Я вспоминал ее каждый день почти два месяца. Иногда утром, но чаще по вечерам, в душе. Как только не имел в своем воображении! И в натуре поимею. Еще успеем, все только начинается. У нас первое свидание было, по сути. Довольно странное, но свидание.

За этот вечер мы сблизились и многое узнали друг о друге. Соня успела пару раз меня подколоть и обидеть, раз пять поставить в тупик и как минимум десять ‒ взбесить, но при этом несчетное количество раз рассмешить и приятно удивить.

Удивлять она не устает с первой минуты. Пожалуй, это самая необычная из всех знакомых мне девушек. Смелая, честная, прямая и при этом ‒ чувственная, манящая и загадочная. Гремучая смесь дерзости и нежности, сексуальности и наивности. И ни грамма фальши и притворства. Этим и зацепила.

И вот она залетает в палату. Ловлю ее переполненный тревогой взгляд, и в груди разливается тепло. Мягко, волнами вибрирует тихая радость. Я счастлив видеть ее такой взволнованной. Переживает — значит, я ей небезразличен.

‒ Прости, Птичка, не вышло покататься, ‒ говорю с невеселой улыбкой.

‒ Глупый ты, ‒ выдыхает она и присаживается на край кровати. ‒ Я чуть с ума не сошла, когда эта дура из страховой позвонила и ляпнула про аварию. Что произошло? Как чувствуешь себя?

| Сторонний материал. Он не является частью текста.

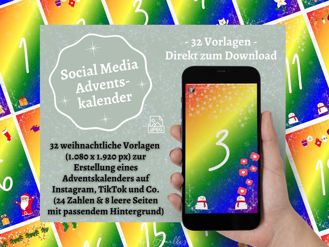 Instagram Advent Calendar Templates Rainbow Social Media Christmas

‒ Ерунда. Пара царапин, как видишь, ‒ откликаюсь я. — Фургон встречный в поворот не вошел и притер кабрик. Весь левый бок счесал. Скорость была маленькой, я вырулил, не слетел с асфальта. Только зеркало от удара коцнуло и чуток покромсало меня.

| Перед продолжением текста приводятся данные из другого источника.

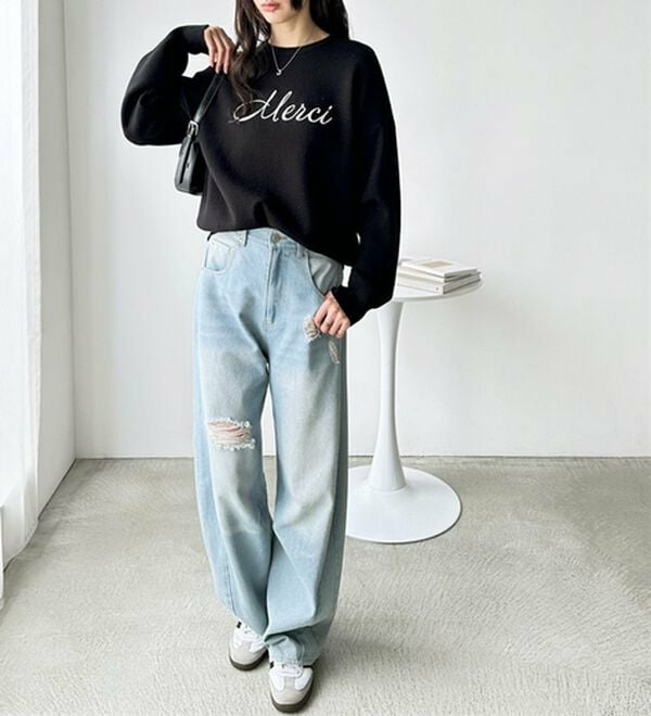 胸元の刺しゅうがアクセントになりつつも、シンプルでスタイリングしやすい活用度大の1着です。

‒ Божечки, ‒ в глазах у Сони слезы. ‒ Тебя изрезало осколками? И лицо, и шею…

Она невесомо проводит пальцами по границе широкого пластыря.

‒ Самый крупный в миллиметрах от сонной артерии был. Доктор сказал: повезло. Но я и без него в курсе, что по жизни везунчик.

Я накрываю ее пальцы своими, прижимаю прохладную узкую ладонь к груди.

Хорошо. Мне очень хорошо рядом с ней.

Она порывисто вздыхает. В глазах все еще беспокойство.

‒Глубокие раны?

‒ Поштопать пришлось, ‒признаюсь я и прикрываю глаза.

Она в шоке, а я в эйфории. Тащусь от того, как она смотрит на меня, как прикасается, как волнуется за меня. Хочу, чтобы поцеловала. Сама. Она это чувствует, и уже наклоняется, но тут в дверь тихонько стучат. Входит медсестра.

Птичка вскакивает, подбегает к ней и принимается возбужденно тараторить по-испански. Та задает вопросы, что-то записывает в анкету на планшетке. Я не понимаю и половины из их разговора, но догадываюсь, что Соня поясняет, кем мне приходится, документ свой показывает.

Женщина переписывает данные и мило улыбается. Потом кивает на шкаф в углу и стоящее рядом кресло, что-то еще объясняет и уходит.

‒ Кто такой «новио»? — спрашиваю я, когда мы остаемся одни. — Ты несколько раз так сказала медсестре.

Птичка густо краснеет и сознается:

‒ Это значит «жених» по-испански. Пришлось соврать, что я твоя невеста, иначе завтра мне тебя не отдадут. Это вынужденно.

‒ Жених и невеста, значит, ‒ повторяю я. Она такая трогательная и смешная, когда краснеет. Мне нравится подлавливать ее и смущать.

‒ Ты же неплохо понимаешь испанский! — возмущается она. — Зачем переспрашиваешь? Издеваешься?

‒ После наркоза фигово соображаю, ‒ парирую я. — Я ранен, как ты могла заметить. Мозг не задет, но голова пострадала.

‒ Со слов медсестры, с тобой все в полном порядке, ‒ бурчит Птичка и плюхается в кресло. — Завтра утром на всякий случай сделают компьютерную томографию и выпишут. Швы снимать не нужно, сами рассосутся. Но эту ночь придется провести здесь.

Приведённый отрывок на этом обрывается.